───── Available records

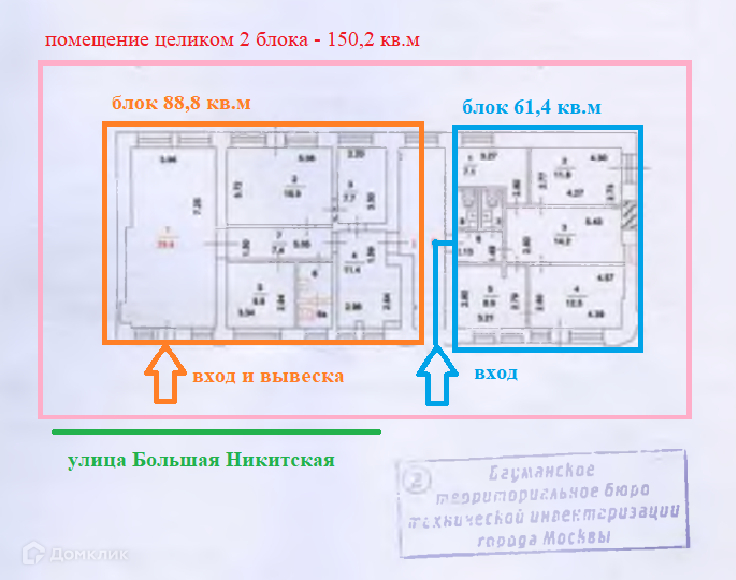 Арт. 40189609 Сдаётся помещение свободного назначения на Большая Никитская ул. ЦАО, престижная локация - внутри садового кольца, в самом центре г. Москвы. До метро "Баррикадная" 9 минут пешком (до метро Арбатская 16 мин, до метро Пушкинская 18 мин пешком). Общая площадь помещения – 150,2 кв.м. (делится на два самостоятельных блока 88,8 кв.м и 61,4 кв.м). Расположено на первом этаже уникального жилого дома 1925 г. постройки. Светлое, удобное помещение (везде окна). Дизайнерский ремонт в стиле "лофт". Максимум полезной площади, минимум коридоров. Свободная планировка позволяет менять назначение помещений под нужды бизнеса: опен спейс, отдельные кабинеты, ресепшн, переговорные, 2 санузла, кухня. 2 входа. Потолки 2,8 м. Кондиционеры. Электроэнергия 19 кВт. Отдельный вход и вывеска видны с ул. Б.Никитская. Место для рекламы - возможность размещения вывески на фасаде. Исторический район Москвы с множеством культурных и архитектурных достопримечательностей, 13 мин пешком до легендарных Патриарших прудов. Текущее использование – под офис, возможно также под офис-продаж, шоу-рум, магазин, центр обучения. Свободно и готово к въезду. Без комиссии.
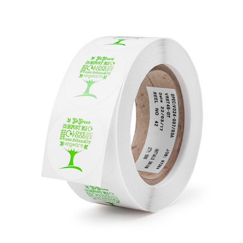 45cm Round Compostable Sticker – Green Tree design – Case (1000)
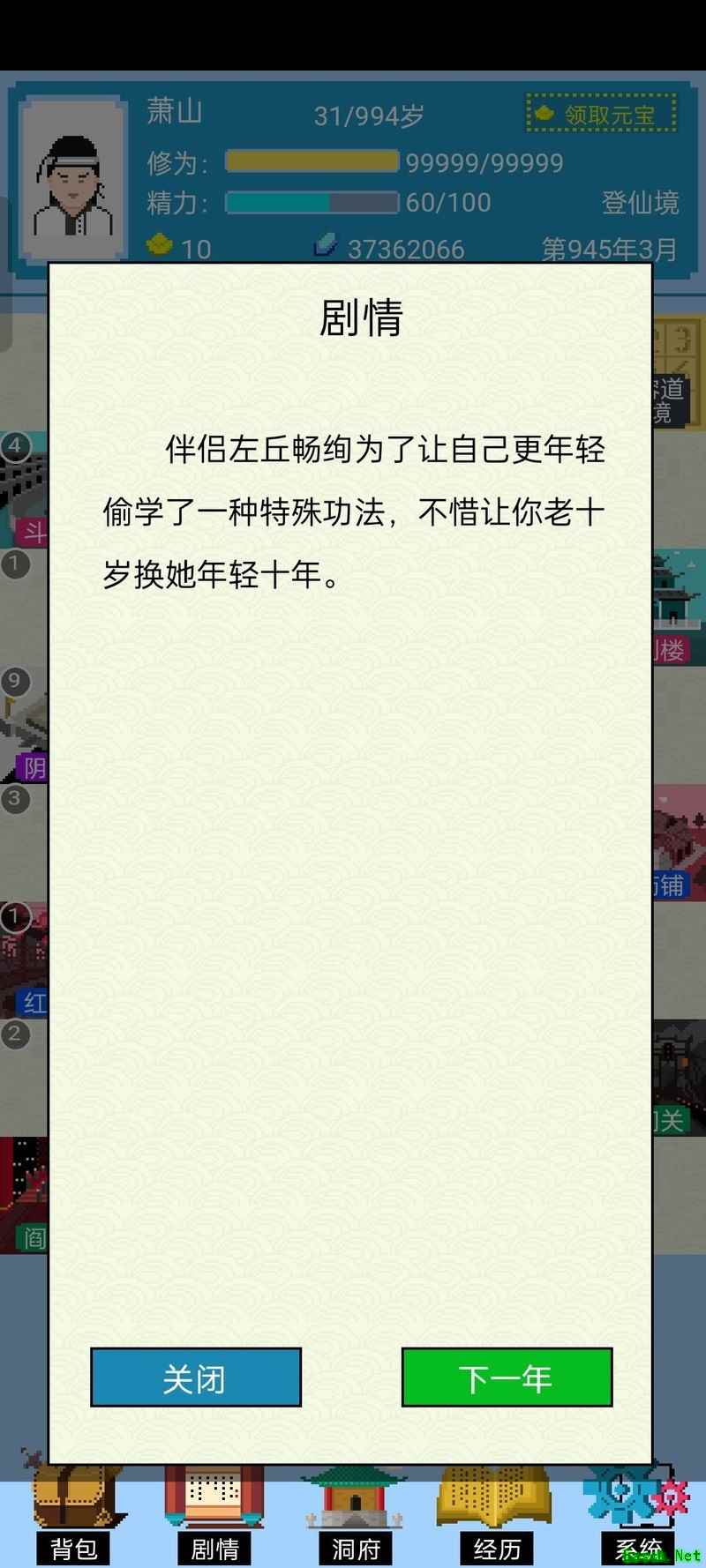 最关键的剧情是,当你点击下一年时,会触发一个剧情:你的伴侣为了追求长寿,使用秘法将自己年轻十岁,而你则变老十岁。原本十六岁成仙的伴侣因此变成了六岁登仙。这时再对这个六岁之躯施展移魂咒,便成功实现了六岁登仙的设定。
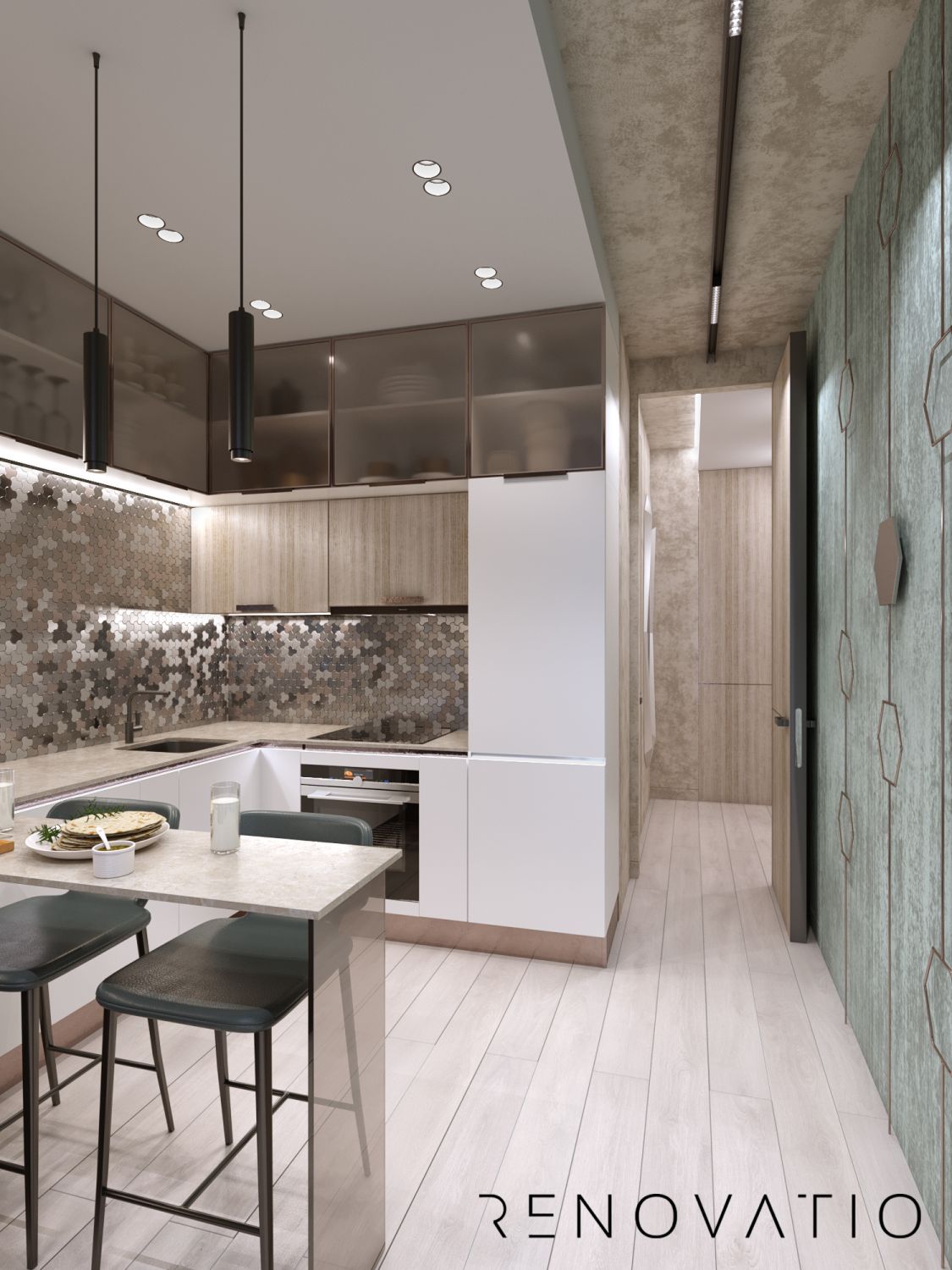 The kitchen-dining area is small, but at the same time, due to the compact arrangement of all elements, everything you need is present in it. The working area is laid with mosaics, which removes the visual load from the walls. Lightness is added by white furniture and zoning in lighting.
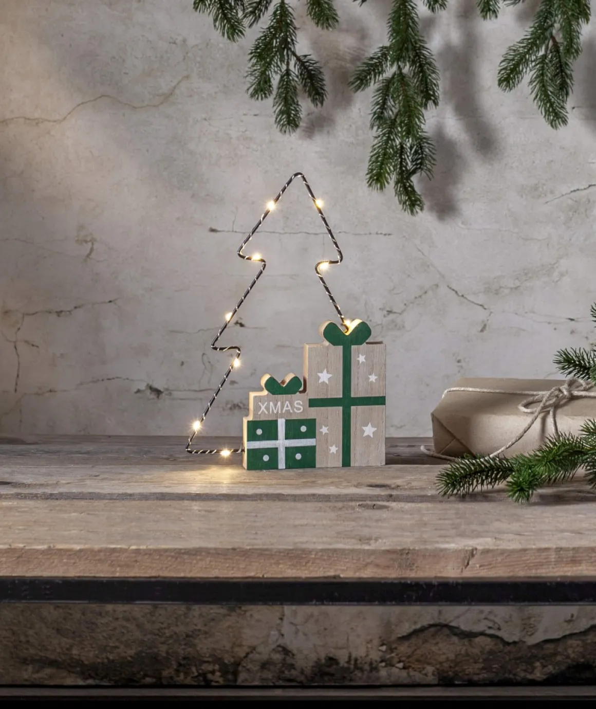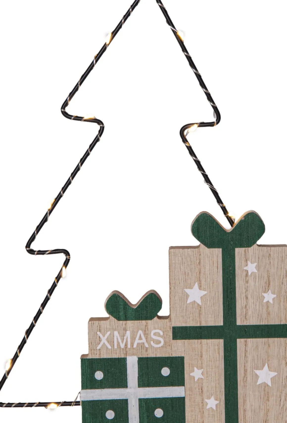Skapa julstämning med denna charmiga juldekoration! Siluetten i metall är formad som en julgran och pryds av fint målade träpaket. De små virade LED-lamporna lyser vackert genom granen och ger ett magiskt sken. Perfekt för att lysa upp en hylla eller ett fönster. Den drivs av batteri, vilket gör det enkelt att placera den var du vill utan att tänka på sladdar.
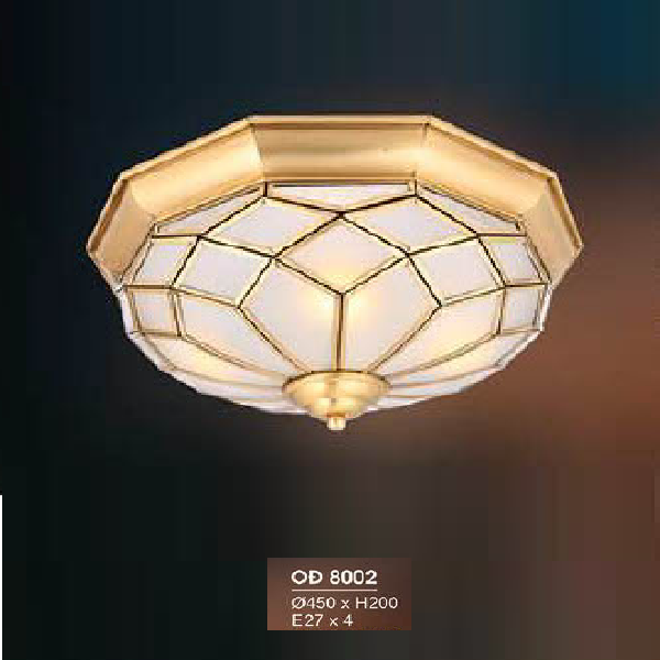 • Sản phẩm: HF - OĐ 8002: Đèn ốp trần đồng - KT: Ø450mm x H200mm - Bóng đèn E27 x 4 bóng
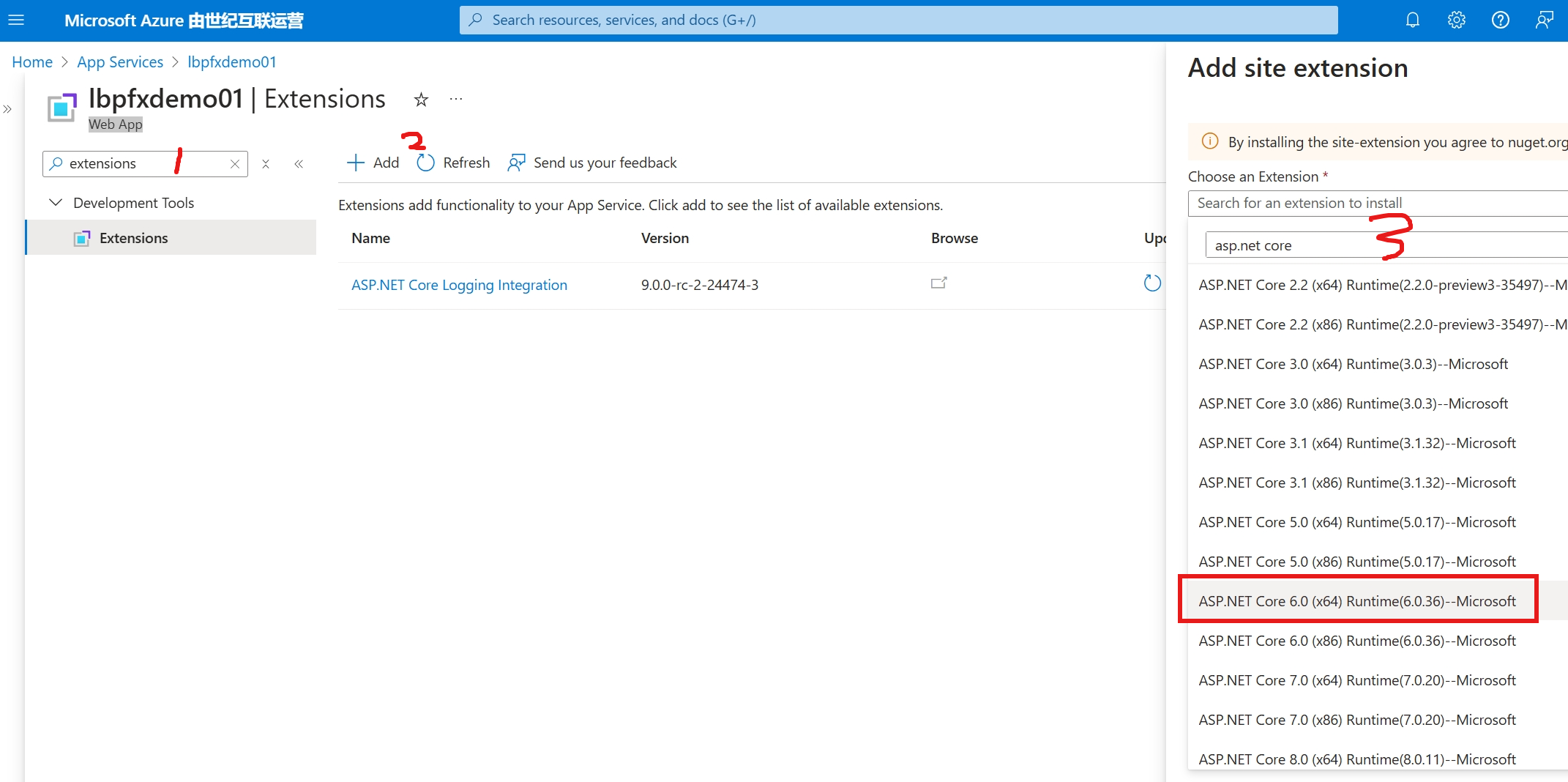 - Web App --> Extensions -->"Add" --> 使用 "ASP.NET Core " 关键字过滤
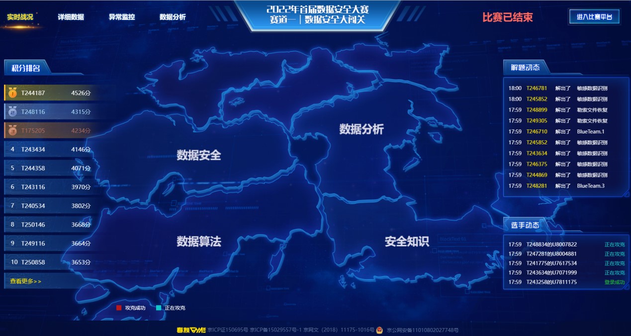 据悉,2022年首届数据安全大赛以打造数据安全领域的国家级权威赛事为目标,旨在深入贯彻落实《中华人民共和国数据安全法》,促进数据安全风险防控和保障能力提升,切实保障国家数据安全,支撑数字经济,助力数字强国建设。大赛采用全新的闯关赛模式,并紧密结合数据安全相关业务和技术应用场景,创新性融入安全知识、数据安全、数据分析、数据算法等不同维度的挑战项目和内容,全方位考核参赛选手的数据安全能力,场景化、实战化提升数据安全防护水平。晋级全国百强的队伍来自中国电信、国家电网等各行业领域单位,中兴、腾讯等专业技术公司,哈尔滨工业大学、北京邮电大学、电子科技大学、大连理工大学、华南理工大学、开云链接官网等高校以及公安、海事、税务、气象等有关政府部门。
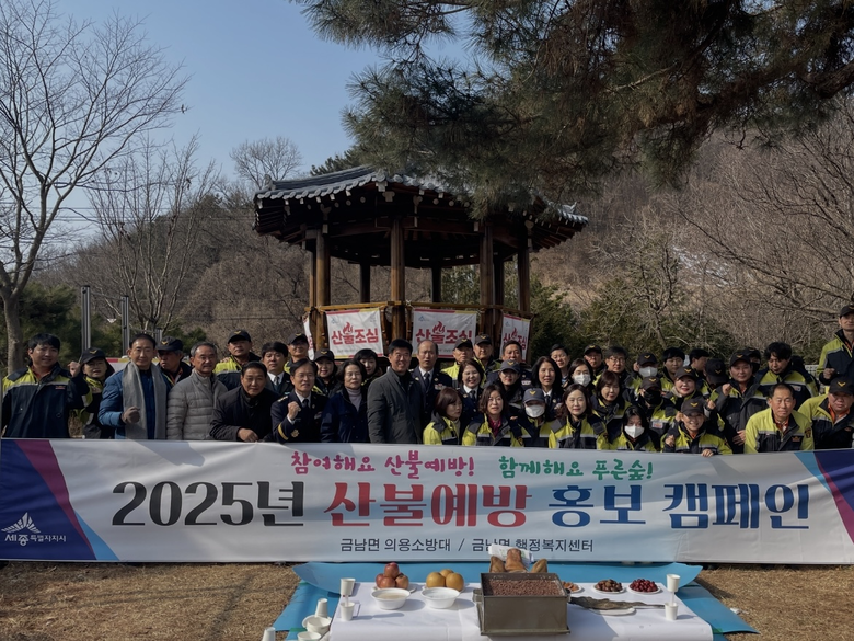 [세종 세계타임즈=이채봉 기자] 세종특별자치시 금남면(면장 김건제)이 16일 금병산에서 금남면 의용소방대, 산불진화대·감시원 등 60여 명이 참석한 가운데 봄철 산불조심 기간(1.24∼5.15) 산불 예방을 다짐했다.
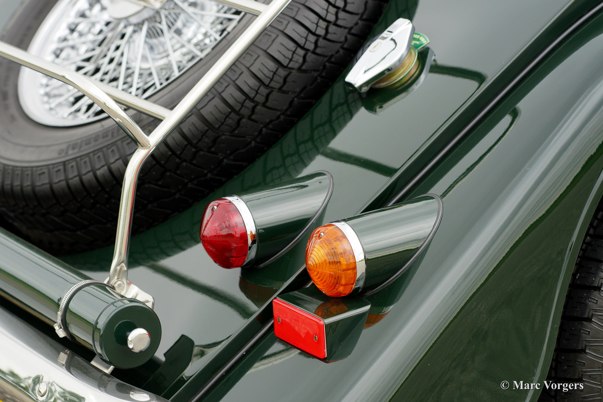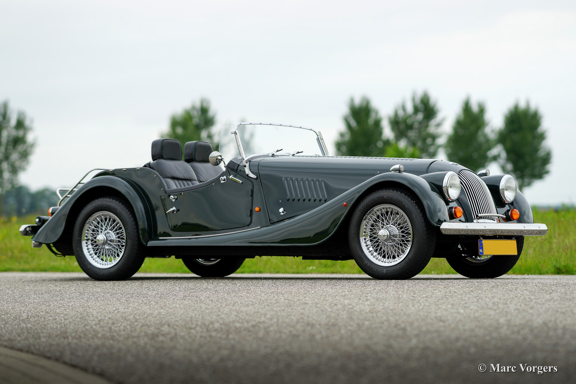 Morgan 4/4 1800, Jahr 1998. Farbe dunkel British Racing Green mit schwarzer Lederausstattung. Schwarzes Vinyl-Verdeck und Persenning (tonneau cover). Diese feine Morgan 4/4 wurde von der niederländischen Morgan Vertreter (NIMAG) neu geliefert. Von Tag eins hat das Auto 44,177 Kilometer gefahren. Das Auto ist in einem hervorragenden Zustand, wie neu! Das Serviceheft ist vorhanden und die (Service) Geschichte ist vollständig bekannt. Dieser Morgan fahrt perfekt! Das Auto ist ausgestattet mit Chrom Speichen Räder, ein Chrom-Gepäckträger, Chromstoßstangen, eine hölzerne Armaturenbrett, ein ‚badge bar‘ und ein spezielles Regenschirm aufbewahrungs-‚rohr‘ über der hinteren Stoßstange!

──────────

• _About this exercise_
In the entries above, find the line containing "[세종 세계타임즈=이채봉 기자]". Transcribe it and every later line to the end, exactly, and leave out the pictures.

• _Response area_
 [세종 세계타임즈=이채봉 기자] 세종특별자치시 금남면(면장 김건제)이 16일 금병산에서 금남면 의용소방대, 산불진화대·감시원 등 60여 명이 참석한 가운데 봄철 산불조심 기간(1.24∼5.15) 산불 예방을 다짐했다.
 Morgan 4/4 1800, Jahr 1998. Farbe dunkel British Racing Green mit schwarzer Lederausstattung. Schwarzes Vinyl-Verdeck und Persenning (tonneau cover). Diese feine Morgan 4/4 wurde von der niederländischen Morgan Vertreter (NIMAG) neu geliefert. Von Tag eins hat das Auto 44,177 Kilometer gefahren. Das Auto ist in einem hervorragenden Zustand, wie neu! Das Serviceheft ist vorhanden und die (Service) Geschichte ist vollständig bekannt. Dieser Morgan fahrt perfekt! Das Auto ist ausgestattet mit Chrom Speichen Räder, ein Chrom-Gepäckträger, Chromstoßstangen, eine hölzerne Armaturenbrett, ein ‚badge bar‘ und ein spezielles Regenschirm aufbewahrungs-‚rohr‘ über der hinteren Stoßstange!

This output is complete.